Segment Open

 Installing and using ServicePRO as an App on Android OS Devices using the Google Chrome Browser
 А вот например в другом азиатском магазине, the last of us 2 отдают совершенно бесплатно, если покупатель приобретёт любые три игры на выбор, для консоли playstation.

Segment Closed
Segment Open

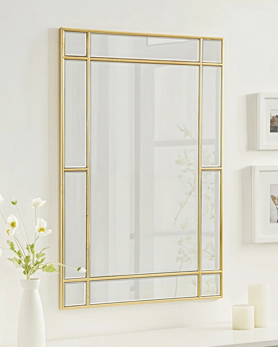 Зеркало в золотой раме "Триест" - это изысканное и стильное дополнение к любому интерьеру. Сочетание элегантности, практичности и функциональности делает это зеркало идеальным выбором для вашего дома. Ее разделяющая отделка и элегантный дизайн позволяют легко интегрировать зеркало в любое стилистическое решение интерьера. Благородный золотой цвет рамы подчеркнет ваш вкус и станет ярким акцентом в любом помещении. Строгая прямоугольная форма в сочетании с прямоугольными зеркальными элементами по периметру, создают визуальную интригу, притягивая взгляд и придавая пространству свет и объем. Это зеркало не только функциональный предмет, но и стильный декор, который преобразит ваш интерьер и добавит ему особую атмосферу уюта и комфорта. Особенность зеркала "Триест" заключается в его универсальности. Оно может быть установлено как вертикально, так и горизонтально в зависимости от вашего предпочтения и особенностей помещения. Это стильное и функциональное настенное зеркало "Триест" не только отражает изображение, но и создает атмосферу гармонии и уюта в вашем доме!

Segment Closed

### Exercise instructions
From the records above, copy out the line with "Installing and using", the line with "А вот например", and every line between them, word for word.

### Result for this exercise
 Installing and using ServicePRO as an App on Android OS Devices using the Google Chrome Browser
 А вот например в другом азиатском магазине, the last of us 2 отдают совершенно бесплатно, если покупатель приобретёт любые три игры на выбор, для консоли playstation.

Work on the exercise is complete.